Retype, with no pictures, each line from the one that holds "F687500A قمع فصل" through the last line of the entries below, both included.
--- DATA IN THIS EXERCISE Enclosed Below ---
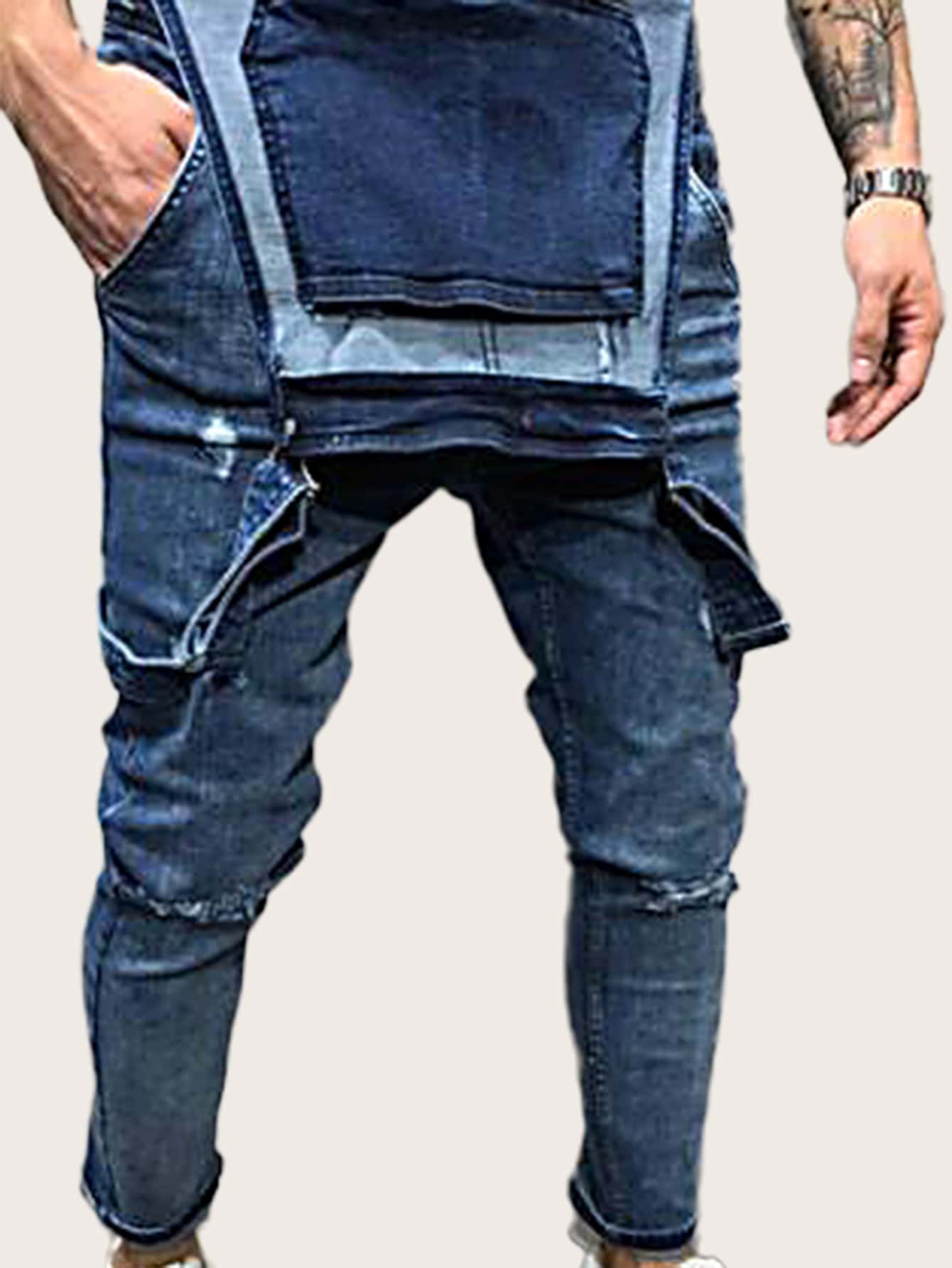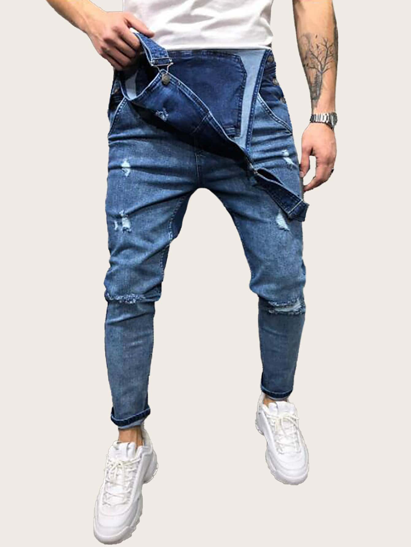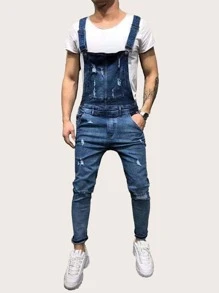 Hombres Overol mezclilla desgarro
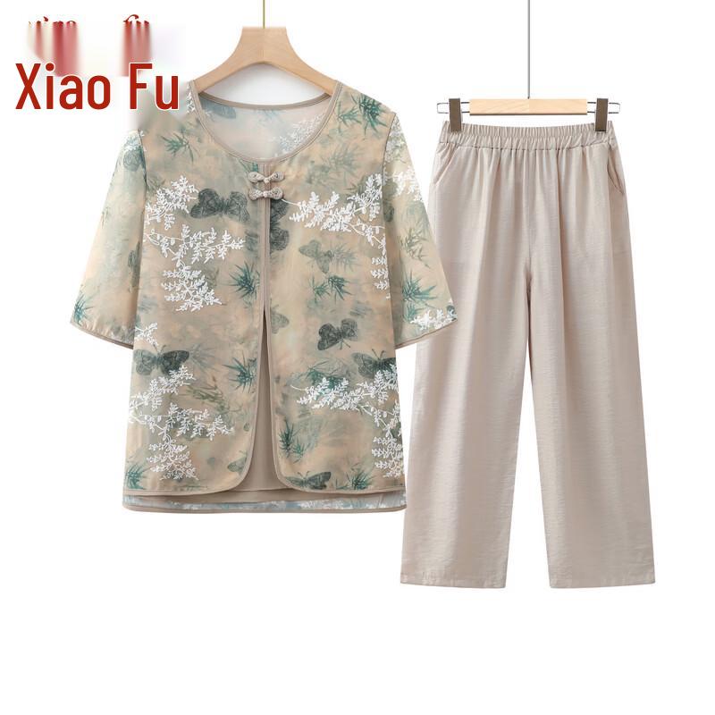 Elderly Women's Half-Sleeve Faux Two-Piece Outfit
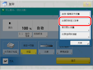 如果在“自定义菜单”中注册常用功能设置(如“复印”、“扫描后发送”和“扫描后存储”),也可以在其他机器上使用这些设置。
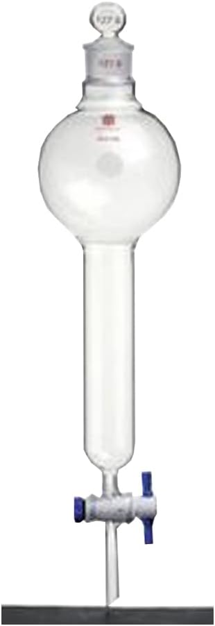 F687500A قمع فصل Synthware، قبضة مؤكدة، سدادة زجاجية، 500 مل، حجم السدادة #27، محبس PTFE 4 مم
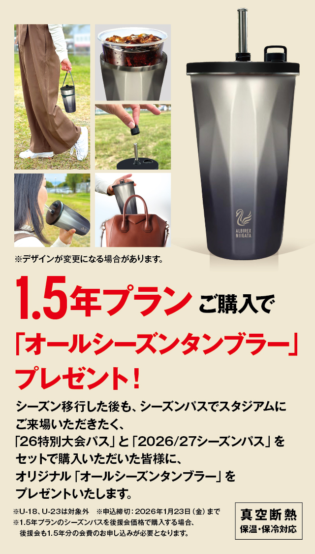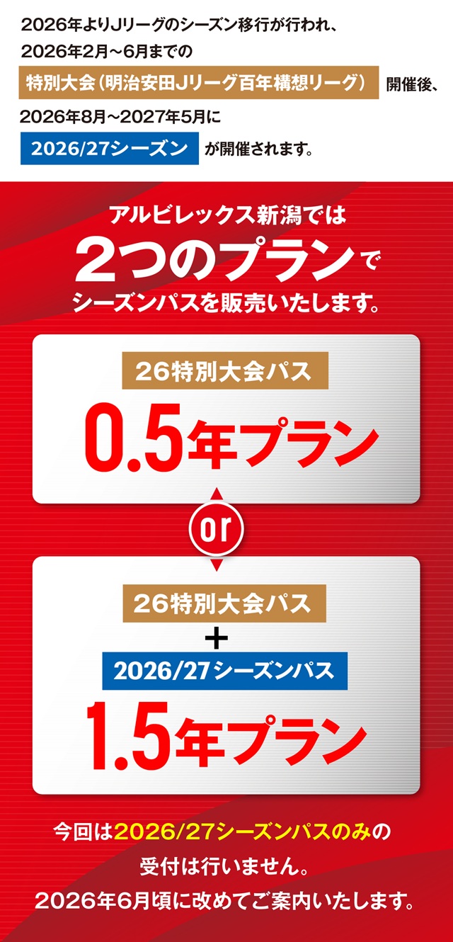 今回は1.5年プランとしてのみ受付を行い、2026/27シーズンパスのみの申し込みは、2026年6月頃に受付を行います。
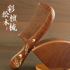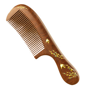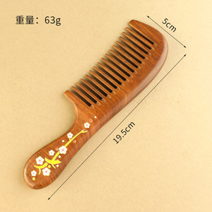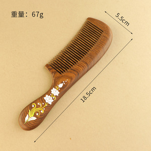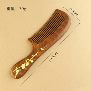 カラーブラックゴールドサンダルウッドコーム厚いサンダルウッド理髪コーム女性家庭用静電気防止ヘアコーム学生ヘアスムージングコーム木製コーム
--- End of Enclosed DATA IN THIS EXERCISE ---
TASK RESPONSE:
 F687500A قمع فصل Synthware، قبضة مؤكدة، سدادة زجاجية، 500 مل، حجم السدادة #27، محبس PTFE 4 مم
 今回は1.5年プランとしてのみ受付を行い、2026/27シーズンパスのみの申し込みは、2026年6月頃に受付を行います。
 カラーブラックゴールドサンダルウッドコーム厚いサンダルウッド理髪コーム女性家庭用静電気防止ヘアコーム学生ヘアスムージングコーム木製コーム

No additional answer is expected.